■ About this exercise ■
What must be handed in is the entire listing, exactly as written, with no pictures.

■ Supplied data ■
────────────────

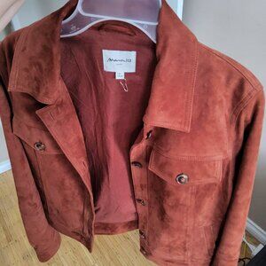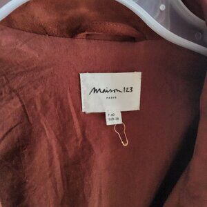 Suede jacket size 38, French company Maison 123, almost new.In the indoor photo the jacket looks brick brown, in the outdoor photo the jacket looks more reddish in color. Size EU38, chest 94 cm,waist 72cm,hip 95 cm. The last photo shows a similar model of the jacket in fit and length.
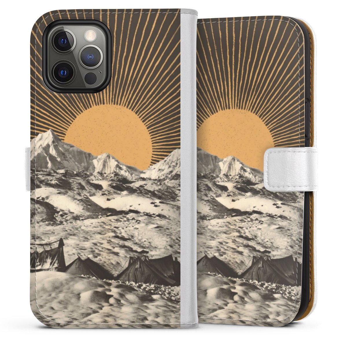 For our Sideflip Case we are using our advanced direct printing technology. The back and frontside are fully printabale, the inside of the phone bag is left unprinted. You can order the phone case without print, printed completely or also with a partial print.
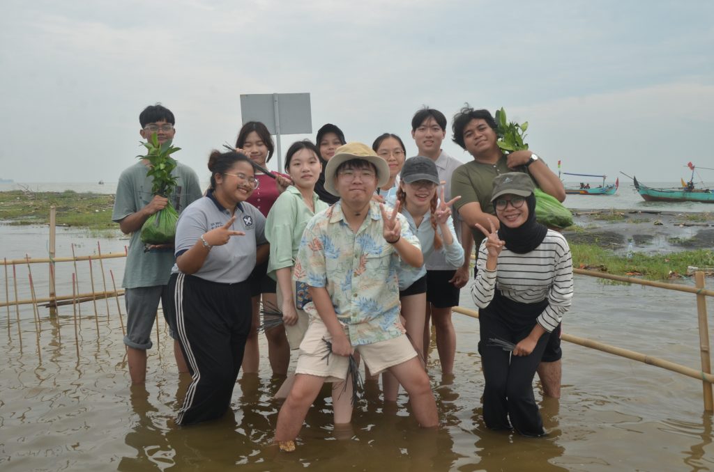 Penanaman mangrove ini bukan hanya sekadar aktivitas lingkungan, tetapi juga menjadi sarana edukasi lapangan bagi mahasiswa internasional dan lokal untuk memahami pentingnya menjaga wilayah pesisir dari ancaman abrasi dan kerusakan ekosistem. Kawasan pesisir Mangunharjo dipilih karena menjadi salah satu wilayah yang rentan mengalami degradasi lingkungan akibat perubahan iklim dan aktivitas manusia. Melalui pengalaman langsung di lapangan, peserta diajak menyadari bahwa pelestarian pesisir merupakan bagian integral dari upaya mewujudkan pembangunan yang berkelanjutan.
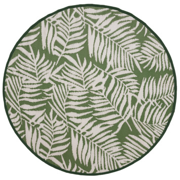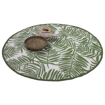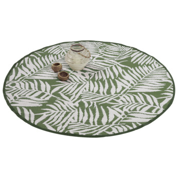 Met buitenkleed Tarragona legergroen/wit 150cm geeft een gezellige sfeer aan jouw tuin, balkon of dakterras. Het ronde kleed heeft een doorsnede van 150cm. Dit buitenkleed is UV-bestendig en gemaakt van polypropyleen. Daarnaast is het kleed zeer gemakkelijk schoon te maken en dus uitermate geschikt voor buiten.

────────────────

■ Exercise response ■
 Suede jacket size 38, French company Maison 123, almost new.In the indoor photo the jacket looks brick brown, in the outdoor photo the jacket looks more reddish in color. Size EU38, chest 94 cm,waist 72cm,hip 95 cm. The last photo shows a similar model of the jacket in fit and length.
 For our Sideflip Case we are using our advanced direct printing technology. The back and frontside are fully printabale, the inside of the phone bag is left unprinted. You can order the phone case without print, printed completely or also with a partial print.
 Penanaman mangrove ini bukan hanya sekadar aktivitas lingkungan, tetapi juga menjadi sarana edukasi lapangan bagi mahasiswa internasional dan lokal untuk memahami pentingnya menjaga wilayah pesisir dari ancaman abrasi dan kerusakan ekosistem. Kawasan pesisir Mangunharjo dipilih karena menjadi salah satu wilayah yang rentan mengalami degradasi lingkungan akibat perubahan iklim dan aktivitas manusia. Melalui pengalaman langsung di lapangan, peserta diajak menyadari bahwa pelestarian pesisir merupakan bagian integral dari upaya mewujudkan pembangunan yang berkelanjutan.
 Met buitenkleed Tarragona legergroen/wit 150cm geeft een gezellige sfeer aan jouw tuin, balkon of dakterras. Het ronde kleed heeft een doorsnede van 150cm. Dit buitenkleed is UV-bestendig en gemaakt van polypropyleen. Daarnaast is het kleed zeer gemakkelijk schoon te maken en dus uitermate geschikt voor buiten.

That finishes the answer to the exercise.